I wanted to see Arthur, and make sure he was all right. I wanted to touch him, support him, see again how attractive he was and know he still thought the world of me. I stood very still, hearing the racing on television from inside the flat I was nearest to. I had hardly allowed myself to think what I would actually say, if his mother wanted to know who I was, or his drug-dealing brother; or if he had never returned home since the day of the fight, and had disappeared from their lives as completely as he now had from mine. Perhaps I should abandon the whole thing, the pains I was taking. Perhaps I could see him from a distance, coming across the grass below with friends, and know that he was all right, and slide away.

It is horrible to be cowed by circumstances. I crept back to the Hopes’ door, mechanically obedient to my original plan. The doorbell was shrill. I massaged my face into a plausible, friendly expression and stood back.

Oh, the relief as the seconds pounded by … and nothing happened. There was a scare as the door of a flat nearer the lift opened and a man in overalls came out without even looking in my direction. A scraping noise, a girl’s voice saying, ‘No, Wednesday,’ and the slam of a door, must have come from within another flat—it was hard to be sure. I turned on my heel, but being so far in I knew I must ring again to be sensible and certain. Perhaps Mr Hope, sleeping out his jobless afternoon, would be disturbed, and come vacantly to the door.

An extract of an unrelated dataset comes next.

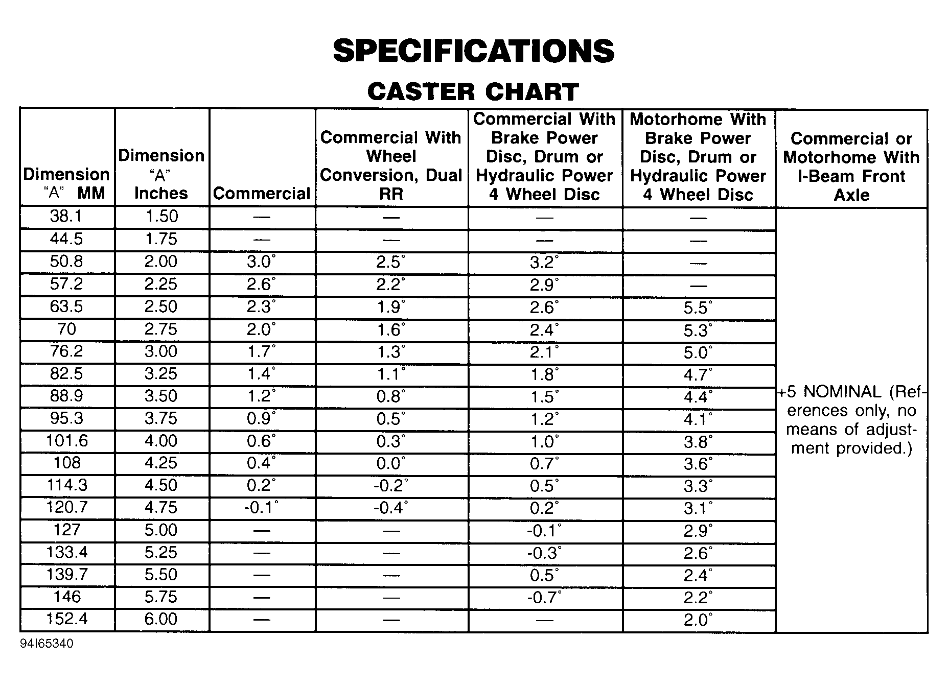 Fig 1: Caster Specifications Chart

A minute later I burnt off my adrenalin leaping down the stairs—which were bleakly concrete, like the long exit stairways at the back of cinemas. There was a smell of urine, and lines down the walls drawn by running hands. At the turn of each flight ‘NF’ had been scrawled, with a pendant saying ‘Kill All Niggers’ or ‘Wogs Out’. I thought with yearning of the Hopes, whom I did not know, forced to contain their anger, contempt and hurt in such a world.

It would be best to see Arthur on common ground—in a bar or club or out in the open air which I now re-entered gratefully. In view of the horror of the case it had been rather reckless to go to his home, and I was glad I had got away with it. Ideally, I suppose, I wanted to help, to give money to the friend or consolation to the grieving mother: though I was always hoping, expecting even, to see him, there was an assumption dully gaining ground in my mind that he was dead.